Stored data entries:
---
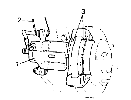 NOTE: Hang removed caliper with a wire hook (2) or the like so as to prevent brake hose from bending and twisting excessively or being pulled. Don't operate brake pedal with pads (3) removed.
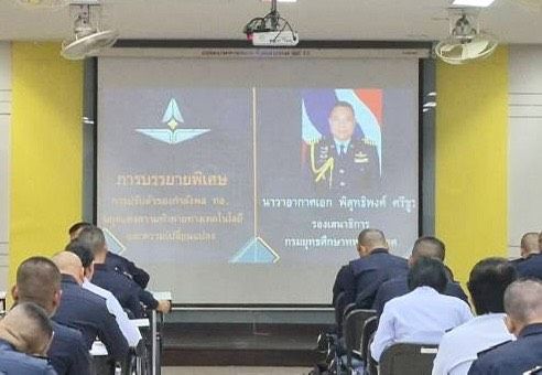 นาวาอากาศเอก พิสุทธิพงศ์ ศรีชูรส รองเสนาธิการ กรมยุทธศึกษาทหารอากาศ (สายงานการศึกษา) บรรยายพิเศษ เรื่องการปรับตัวของกำลังพลกองทัพอากาศในยุคแห่งความท้าทายทางเทคโนโลยีและความเปลี่ยนแปลง เพื่อเป็นถ่ายทอดประสบการณ์ และเสริมสร้างความรู้ความเข้าใจให้กับนายทหารชั้นประทวน ในด้านการ พัฒนากำลังพล ตามเจตนารมย์ของผู้บัญชาการทหารอากาศ ในหลักสูตรนายทหารประทวนชั้นพันจ่าอากาศอาวุโสรุ่นที่ ๑๒ เมื่อวันจันทร์ที่ ๑๗ พฤศจิกายน ๒๕๖๘ ณ ห้องบรรยาย โรงเรียนนายทหารชั้นประทวน กรมยุทธศึกษาทหารอากาศ
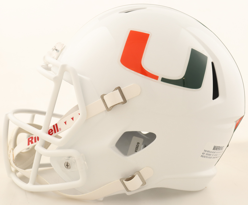 Riddell Miami Hurricanes full-size replica Speed helmet has been hand-signed by Vinny Testaverde.
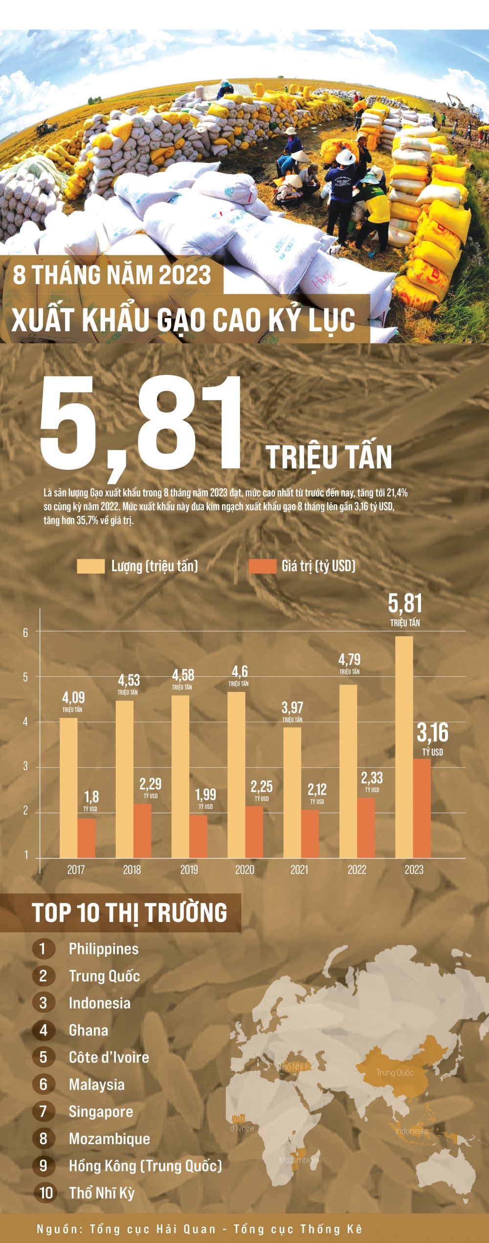 Xuất khẩu gạo trong 8 tháng năm 2023 đạt 5,81 triệu tấn, mức cao nhất từ trước đến nay, tăng tới 21,4% so cùng kỳ năm 2022.
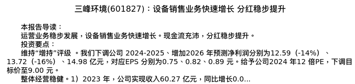值得注意的是:2024年04月国泰君安的徐强/邵潇/于歆分析师,首次发布关于三峰环境的研究报告,标题为:三峰环境(601827):设备销售业务快速增长 分红稳步提升。
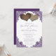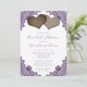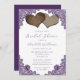 Complement your rustic purple wedding party with this elegant bridal shower invitation featuring two burlap hearts and delicate floral lace. Matching items available.
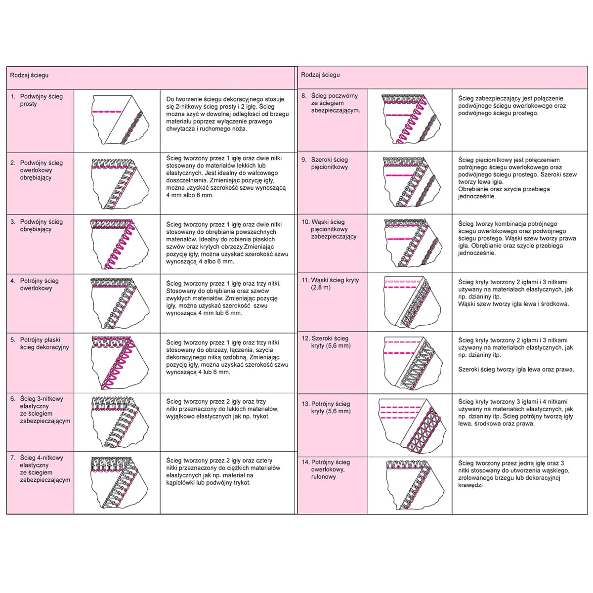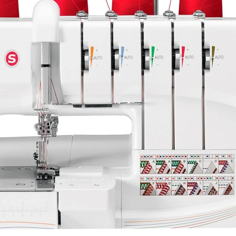 Owerlok 14T968 umożliwia wykonie ściegu i wykończenia materiału w czasie o połowę krótszym niż za pomocą maszyny do szycia. Model ten wyposażony został w funkcję automatycznego nawlekania dolnego chwytaka, kolorowy schemat nawlekania nici, regulację naprężenia nici, transport różnicowy oraz posiada wbudowaną funkcję rolującą. Użytkownik ma do wyboru w tym modelu 13 ściegów, może również regulować długość i szerokość ściegu, a także docisk stopki.
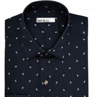 Bar III Men's Slim Fit Stretch Floral Dress Shirts Black Size 17 1/2
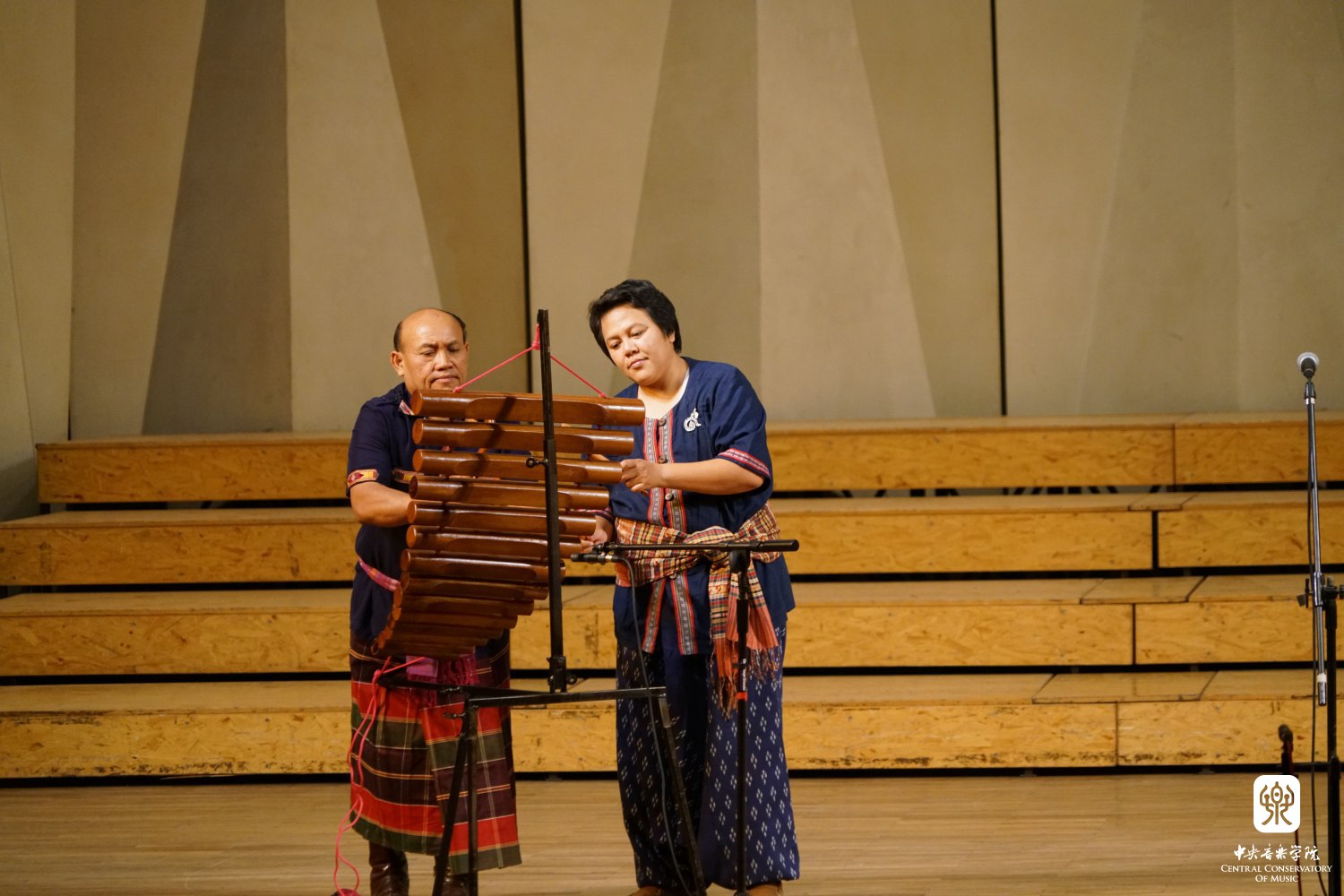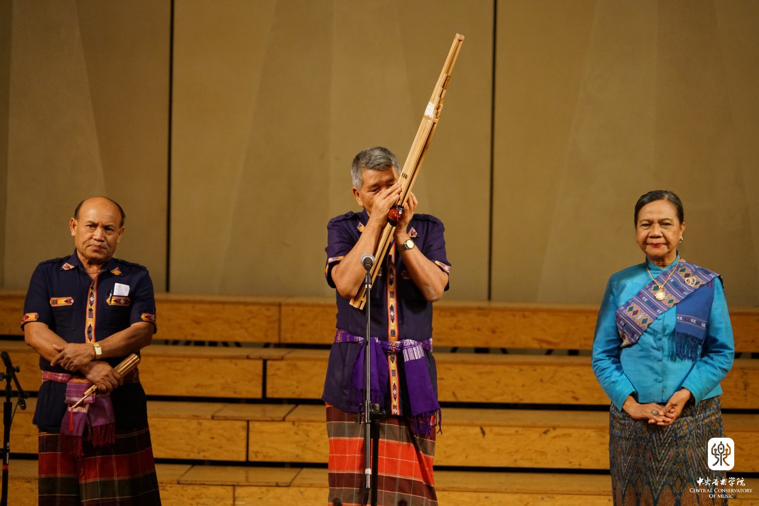 第三板块是泰国传统音乐展演,来自泰国的郎民间音乐表演艺术团表演了泰国东北部的民间音乐。四位音乐家是来自泰国玛哈沙拉堪皇家大学音乐系的助理教授杰拉尔凯伊·克霍恩派尔洛特博士,泰国那空帕农大学的民族音乐学博士、杰出的莫兰音乐歌唱家拉特利苏芮魏莱·伯恩斯泰蓬夫人,杰出的民间音乐(兀特和蓬朗)演奏家宋萨卡·普莱图穆森先生,卡恩专业演奏家、那空帕农大学讲师约提卡斯里魏莱·伯恩斯提魄恩女士。主持人安平教授依次介绍了演出使用的四种泰国乐器,流行于泰国东北部的双排竹管的芦笙坎恩(Khaenan),由12或者13个竹管围成一圈的吹奏乐器Wot(兀特),一种长颈弹拨琉特琴Pin(聘),由12根硬木组成的泰国东北木琴Pong lang(蓬朗),四位演奏家为现场观众演示。
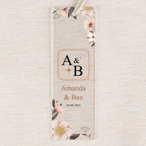 - Originales puntos de libro hechos de metacrilato transparente. Se personalizan por una cara, y al ser transparentes, el acabado final es espectacular y muy diferente. Es perfecto para regalar a invitados de eventos y, al igual que los de madera, incluye cinta de terciopelo de diferentes colores.
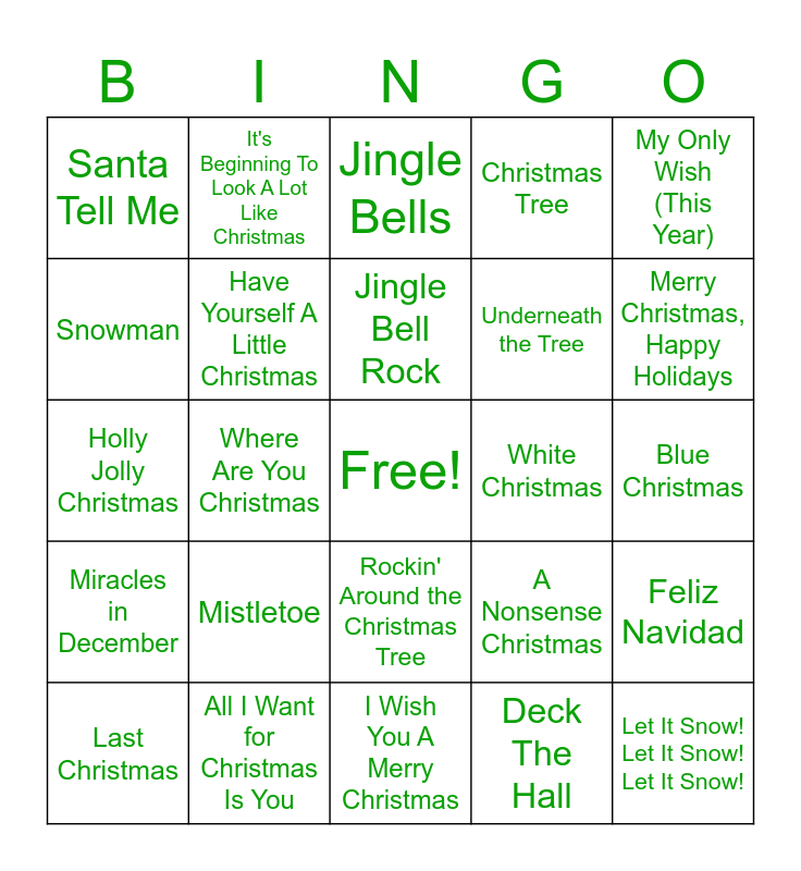 This bingo card has a free space and 24 words: Mistletoe, All I Want for Christmas Is You, Jingle Bell Rock, Last Christmas, My Only Wish (This Year), Santa Tell Me, Snowman, It's Beginning To Look A Lot Like Christmas, White Christmas, Rockin' Around the Christmas Tree, Underneath the Tree, Holly Jolly Christmas, A Nonsense Christmas, Feliz Navidad, Have Yourself A Little Christmas, Deck The Hall, Blue Christmas, Jingle Bells, Merry Christmas, Happy Holidays, Where Are You Christmas, Let It Snow! Let It Snow! Let It Snow!, Miracles in December, Christmas Tree and I Wish You A Merry Christmas.
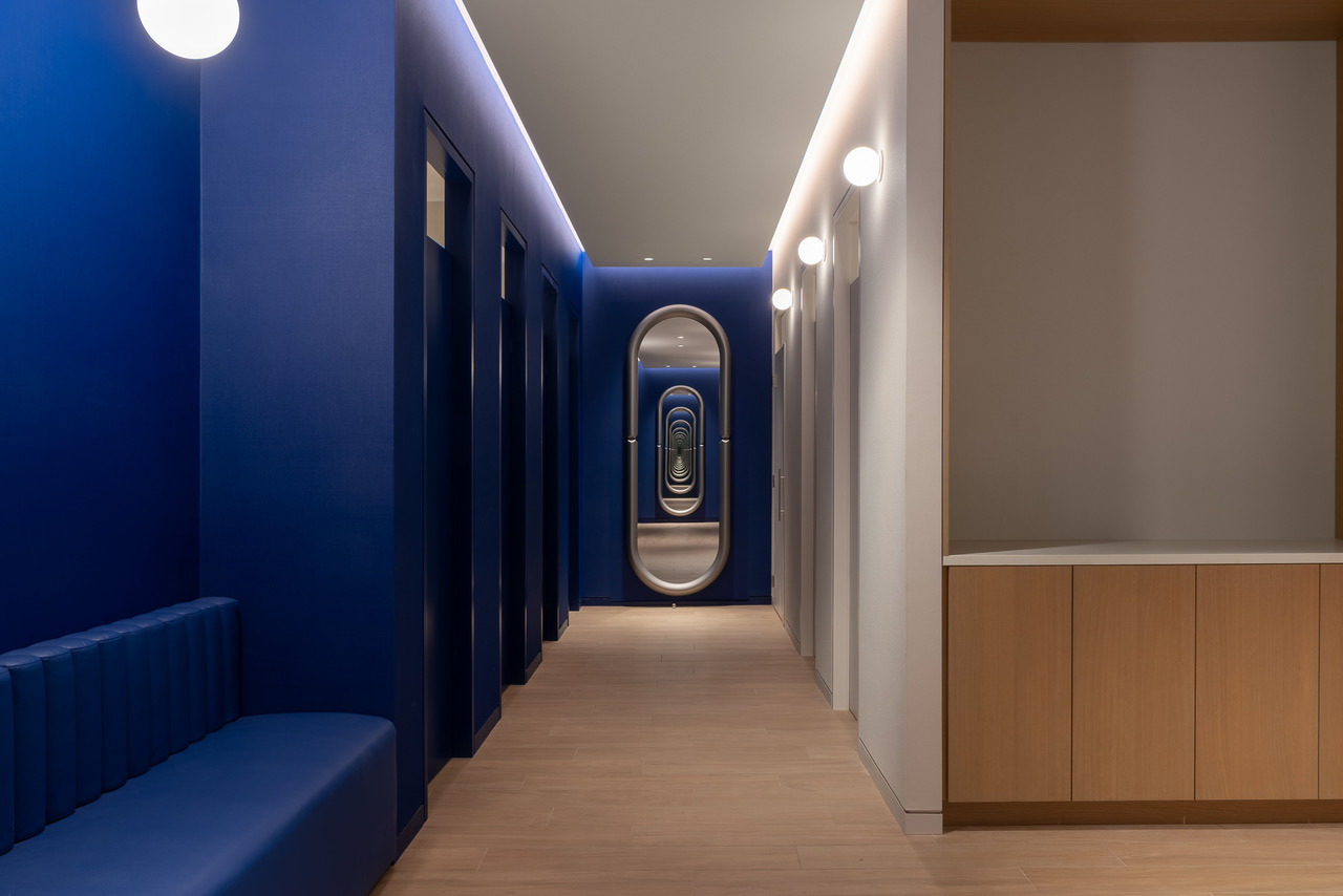 At the center of the Occasion Destination is a lounge area that serves as a dedicated waiting space for the 10 spacious fitting rooms behind. Dalziel & Pow created an ‘Instagrammable’ entrance to the fitting rooms, featuring bold mirrors that are perfect for social media moments.
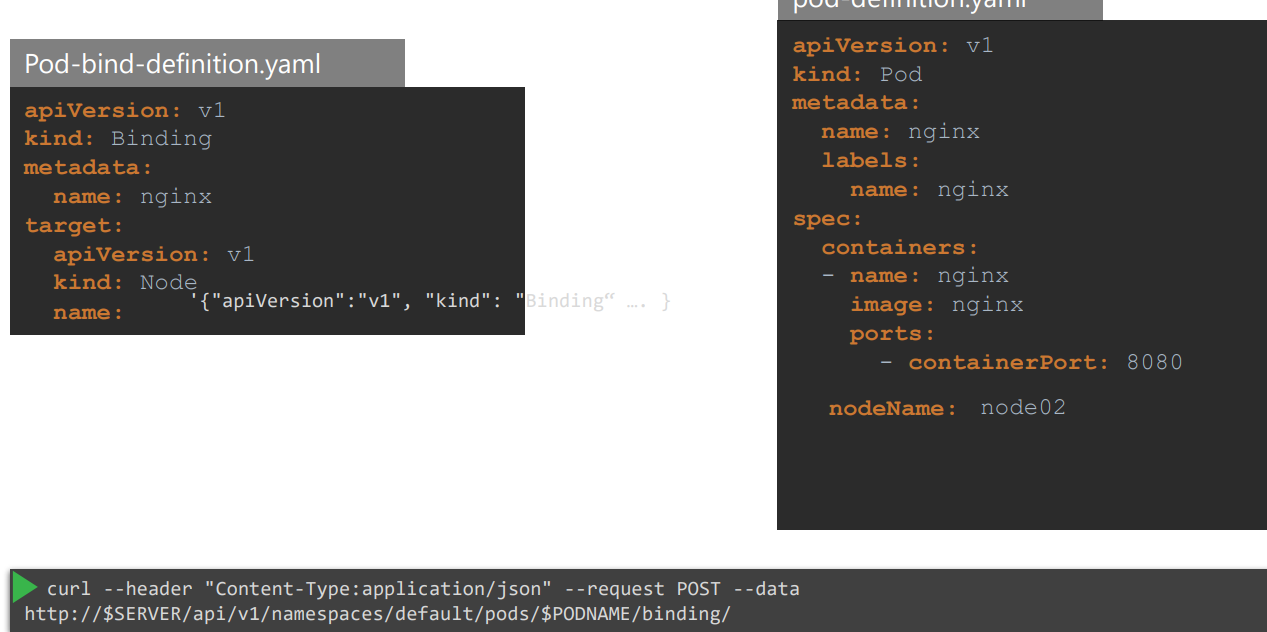 - 한개의 Pod 의 nodename을 수정할 수 없게 하기 때문에 binding 개체를 생성해서 POD 의 binding API 에 게시 요청을 보낸다. -> Scheduler가 하는 일을 모방하는 방법이다.
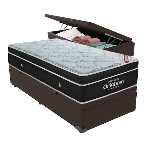 Bem-vindo(a) ao nosso catálogo! Apresentamos a você uma descrição completa sobre esse produto:O colchão Elegant com sua estrutura de molas ensacadas e espuma D26 de alta densidade, ele oferece suporte adequado para pessoas de até 150kg, tendo como garantia de máximo conforto o Pillow Euro. Uma camada a mais de aconchego!Colchão:Modelo: Elegant;Marca: Ortobom;Tamanho: Solteiro;Dimensões: 88x188x28cm; (largura x comprimento x altura)Conforto: Molas Ensacadas Espuma D26, Pillow Euro;Proteções: Antiácaro, antialérgico, antifungo, antimofo;Possui: Sistema No Turn, Fibra de bambu;Peso máximo recomendado: até 150Kg (por pessoa);Garantia: 03 meses; O sistema No Turn do Colchão Elegant torna sua manutenção muito mais prática e fácil, pois ele não precisa ser virado regularmente como os modelos tradicionais. Também é um produto sustentável. A fibra de bambu utilizada em sua composição é uma fonte renovável e amiga do meio ambiente.Qualidade Ortobom:O Elegant é produzido pela renomada marca Ortobom, conhecida por sua expertise em tecnologia do sono. Com anos de experiência no mercado, a Ortobom é reconhecida por oferecer produtos inovadores e de alta qualidade, que atendem às necessidades dos clientes mais exigentes.Base Box com Baú:Marca: KazaMix;Cor do Baú: Marrom;Revestimento da Cama: Material Sintético;Material dos pés: Madeira;Estrutura: Madeira;Abertura: Pistão a gás;Peso máximo recomendado: até 150kg de cada lado;Altura do Baú: 32cm;Altura dos pés: 5cm;Altura total: 37cm;Garantia: 03 meses;Selo Ecologicamente Correto.Invista no seu sono e experimente o conforto e a qualidade!Atenção: Antes de finalizar sua compra, certifique-se de que as dimensões do produto sejam adequadas para serem transportadas pelos elevadores, portas, escadas e corredores de sua residência. Ressaltamos que não nos responsabilizamos pelo transporte do produto por meios específicos, como escadas, guinchos ou içamentos.
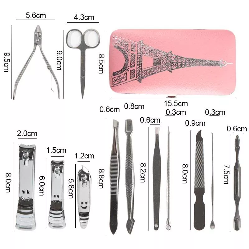 14 vnt, įskaitant nagų pjaustytuvus, nagų failą, ausinę, žirklę |
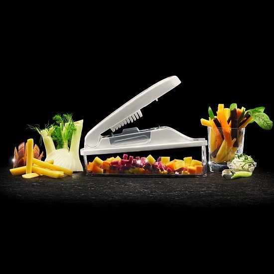 Ganz einfach können zum Beispiel Möhrenwürfel für eine Suppeneinlage gehackt oder die Zutaten für eine Gemüsepfanne oder einen leckeren Obstsalat verarbeitet werden. Auch Rohkoststicks, die anschliessend mit frischem Dip serviert werden, gelingen im Nu: Einfach das zu schneidende Obst oder Gemüse auf die Klinge legen oder leicht andrücken und den Hebel mit etwas Schwung herunterdrücken.
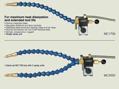NOGA Minicool is using the VENTURI principle to spray an air + liquid mixture. The Minicool enables the user to easily control both the air flow rate and liquid rate.
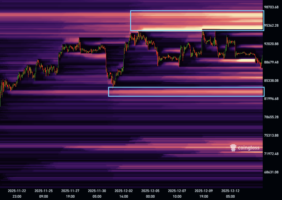 CrypNuevo выделил уровни $80 000 и $99 000 как крайние точки нового диапазона, ожидая движения к одному из концов «в ближайшее время». Аналитик указал на концентрацию ликвидаций в верхней части диапазона около 50-дневной экспоненциальной скользящей средней на уровне $95 500.
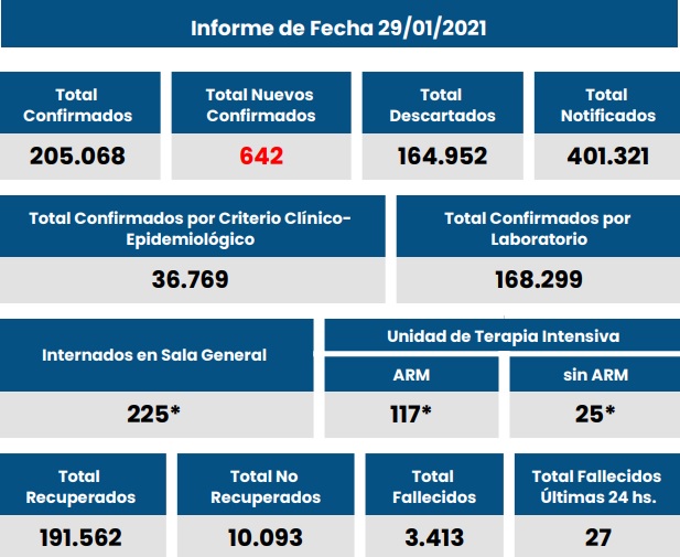 2021-01-29_Parte_MSSF_CoronavirusProvincia Santa Fe informó 642 nuevos casos y 27 fallecidos de Covid-19
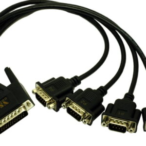 The board can be plugged into Standard Height and Low-Profile PC cases. Mounted is the standard bracket, Low Profile is placed in the box. Also included is the adapter cable DB44HDF to 4 x DB9M (Pins and signals like on a PC).
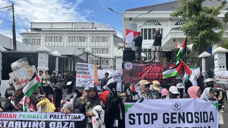 HARIANJABAR.ID – Puluhan warga Bandung Raya menggelar aksi solidaritas di depan Gedung DPRD Jawa Barat pada Jumat, 13 Februari 2026, mendesak Israel menghentikan agresi militer dan mematuhi gencatan senjata permanen demi melindungi warga sipil Palestina.
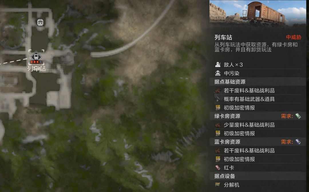 - 核心产出:绿卡房(无蓝卡)、蓝卡房(含红卡)、列车卸货物资
---
**AIM OF THE EXERCISE**:
Transcribe the entries above exactly, from their first line through the line with "นาวาอากาศเอก พิสุทธิพงศ์ ศรีชูรส", and omit all pictures.

**EXERCISE OUTPUT**:
 NOTE: Hang removed caliper with a wire hook (2) or the like so as to prevent brake hose from bending and twisting excessively or being pulled. Don't operate brake pedal with pads (3) removed.
 นาวาอากาศเอก พิสุทธิพงศ์ ศรีชูรส รองเสนาธิการ กรมยุทธศึกษาทหารอากาศ (สายงานการศึกษา) บรรยายพิเศษ เรื่องการปรับตัวของกำลังพลกองทัพอากาศในยุคแห่งความท้าทายทางเทคโนโลยีและความเปลี่ยนแปลง เพื่อเป็นถ่ายทอดประสบการณ์ และเสริมสร้างความรู้ความเข้าใจให้กับนายทหารชั้นประทวน ในด้านการ พัฒนากำลังพล ตามเจตนารมย์ของผู้บัญชาการทหารอากาศ ในหลักสูตรนายทหารประทวนชั้นพันจ่าอากาศอาวุโสรุ่นที่ ๑๒ เมื่อวันจันทร์ที่ ๑๗ พฤศจิกายน ๒๕๖๘ ณ ห้องบรรยาย โรงเรียนนายทหารชั้นประทวน กรมยุทธศึกษาทหารอากาศ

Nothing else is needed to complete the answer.